Ou encore, lorsque les protagonistes décident de sortir dans un bar branché :
Freddie à Stuart: Oh did you look smart! I see you are wearing an extra chin for the occasion!
Puis:
Stuart: Besides, I used to get my fair share of attention… turned a few heads
Freddie: …and stomachs
Malgré le fait qu’elle mette en scène des personnages âgés, la série d’outre-Manche a recueilli un auditoire moyen de 3,37 millions durant sa première saison. Et pour ceux qui persistent à croire que ces personnages ne sont pas assez vendeurs, référons-les à un autre succès semblable : Last tango in Halifax qui a remporté deux prix aux Bafta en 2013 (meilleure série et meilleure scénarisation) sans compter les multiples nominations et un auditoire moyen de 6,3 millions pour la première saison et 6.0 pour la seconde. C’est justement ce manque d’audace qui fait défaut aux Américains, lesquels nous proposent des fictions comme… Mystery girls
Nostalgie d’une gloire très éphémère
Holly est pour le moins tête en l’air. Elle a déjà largué l’amour de sa vie parce que son horoscope le lui dictait et priorise davantage les chaussures au détriment des contrats de clients accordés à son agence. Par chance, elle a à ses côtés Charlie, une femme sérieuse, mariée avec un enfant. C’est d’ailleurs par ennui qu’elle a accepté de collaborer avec son ancienne collègue. Première incongruité de la série : la presse américaine a eu accès en primeur à plusieurs des premiers épisodes, dont le pilote dans lequel on nous explique les raisons des retrouvailles de ces deux actrices. Pour des raisons qu’on ignore, cet épisode a été diffusé à la quatrième semaine, alors que dans la première, on entre dans le vif du sujet avec une enquête qui se met en branle. Au fond, peu importe, celles-ci importent si peu dans le scénario qu’il est inutile de les résumer. Mystery girls est davantage prétexte à des blagues méta : on ne rit pas des péripéties de Charlie et Holly, mais bien des personnalités de Jenni et Tori.

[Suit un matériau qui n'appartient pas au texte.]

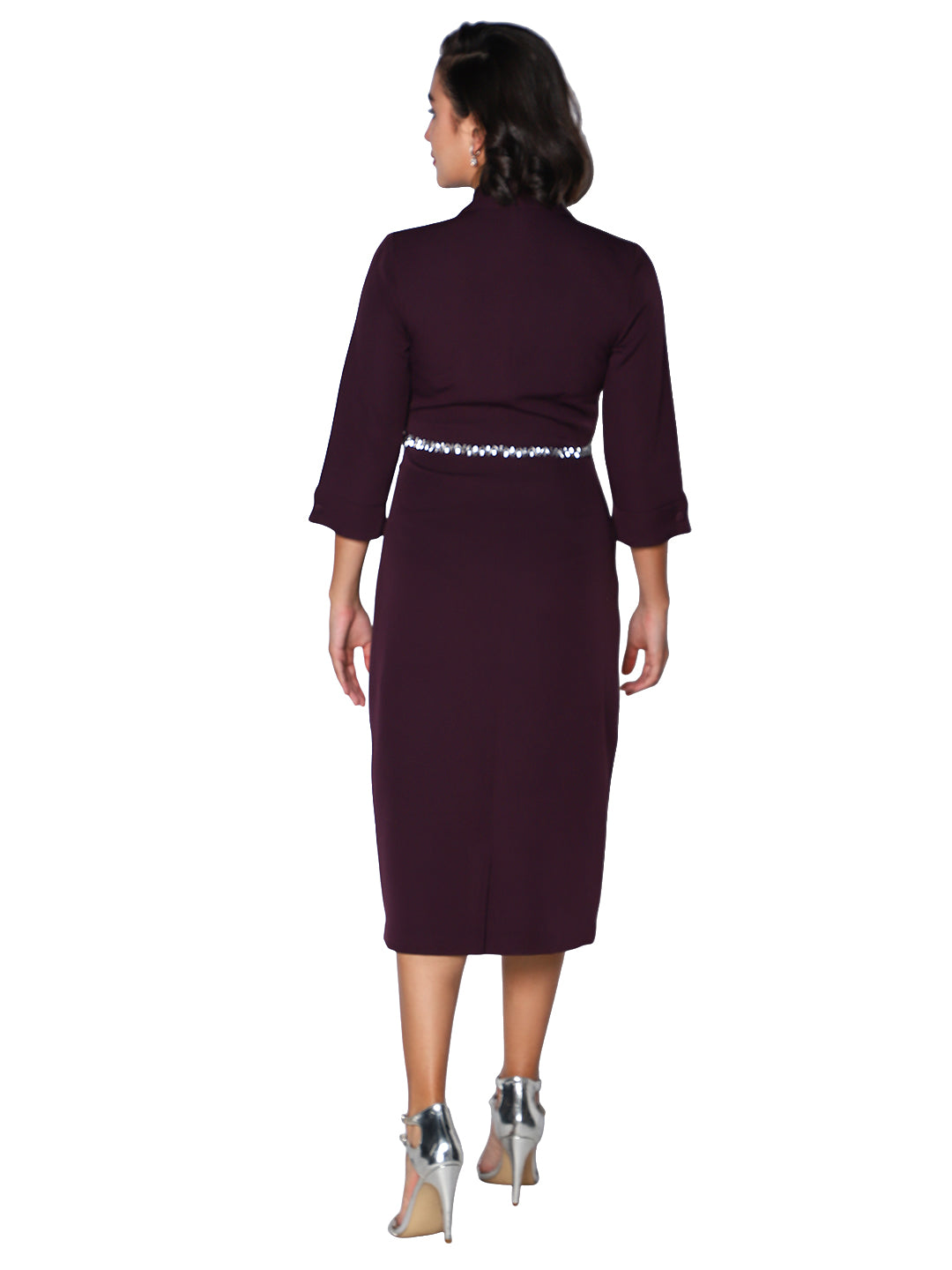 The dress is adorned with a delicate crystal-embellished waistline for a touch of glamour. The rich plum hue adds depth and elegance, while the 3/4 sleeves offer a graceful silhouette suitable for formal dinners, evening events, and festive occasions.
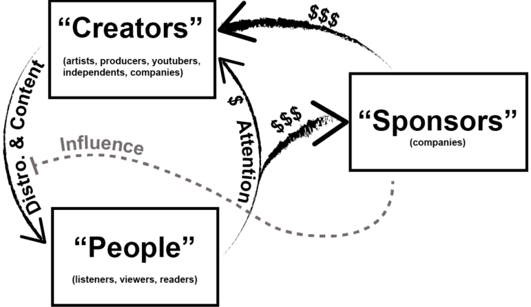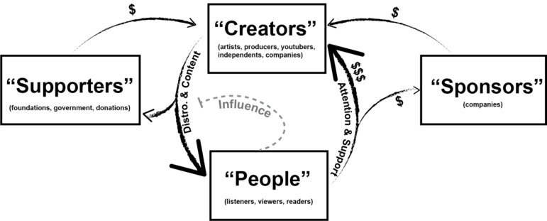 But today, the internet has removed the distributors from the equation. Self-distribution is now the norm. Because there’s no public support of independent creators, the “supporters” are gone as well. We’re left with sponsors who fund creators directly and want to capture as much attention as possible, which leaves creators vulnerable to strong influence from advertisers, or left out in the cold. Today the ecosystem looks like this:
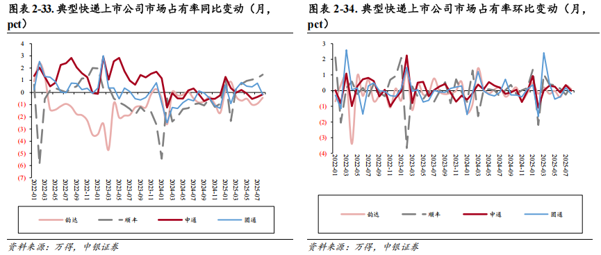 申通快递:8月申通的市占率为13.29%,同比-0.17pct,环比与7月持平。
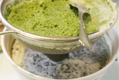 Sau khi xay, lấy rây lọc bỏ bã, để nước và bã riêng ra.
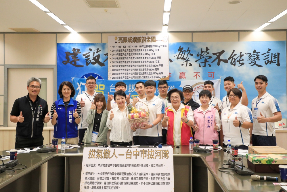 市長盧秀燕表示,感謝選手長期付出心力投入訓練,甚至犧牲與家人朋友相處的時間,為台中市、為國家爭光。同時也感謝教練、經理、議員在幕後堅定支持,市府會配合需求,持續強力推展拔河運動。拔河運動展現團結,拔河隊員團結一心投入訓練及體態管理,不僅打破運動隊員人高馬大的刻板印象,更展現大家全力以赴的團隊精神。
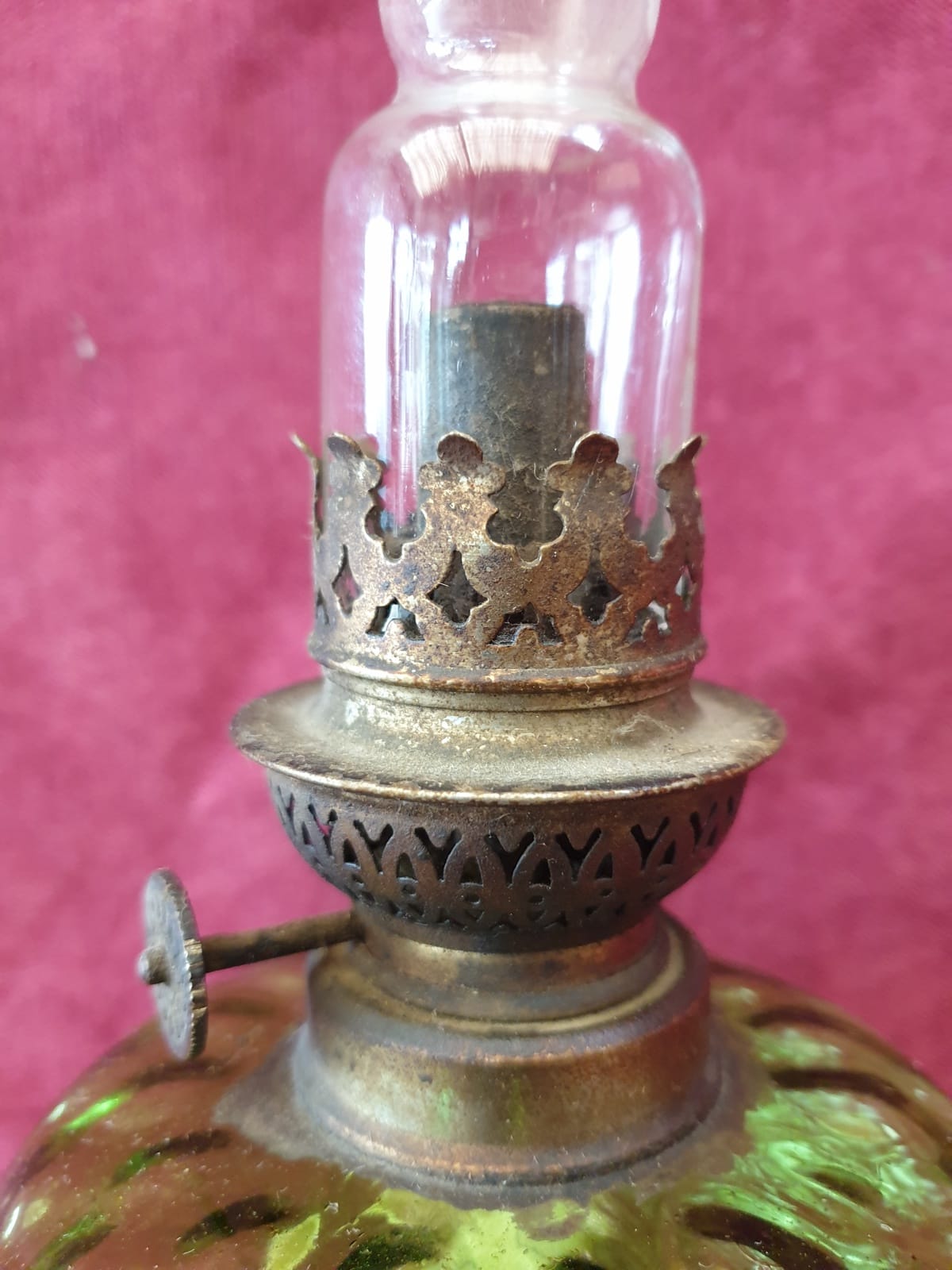 Lampe a huile verre vert avec flute

Vicious rassemble deux sommités dans le monde culturel, Ian McKellan et Derek Jacobi, tous deux ayant une feuille de parcours impressionnante et ces têtes d’affiche mettent tout leur talent au service de leurs personnages. Dans Mystery girls, on « célèbre » le retour d’un duo à l’écran qui a marqué une génération des années 90 : Beverly Hills 90210. Sans nécessairement remettre en compte leur talent d’actrices, leur feuille de parcours depuis la défunte série n’a rien de bien reluisant : quelques apparitions ou rôles à la télévision et en particulier pour Tori, une téléréalité médiocre qui a souvent défrayé la chronique. Si les critiques ont particulièrement apprécié le fait que ces femmes n’aient aucune pudeur en acceptant de se moquer de leurs propres défauts, ces constances allusions au passé finissent par lasser à la longue et ce n’est pas prêt de s’arrêter : voici le synopsis de l’épisode #5 sur imdb.com : « Holly and Charlie return to Holly’s alma mater, West Beverly Hills High, in order to stop a senior prank »… C’est ce qu’on appelle être has-been.
Alors qu’une seconde saison de Vicious est attendue dans les prochains mois sur ITV, le sort de Mystery girls demeure incertain. Avec des cotes d’écoute qui s’éloignent du million chaque semaine (0.76, 0.48 et 0,58 respectivement), on doute de son avenir à long terme. Et entre l’audace et la nostalgie, la série britannique l’emporte haut la main.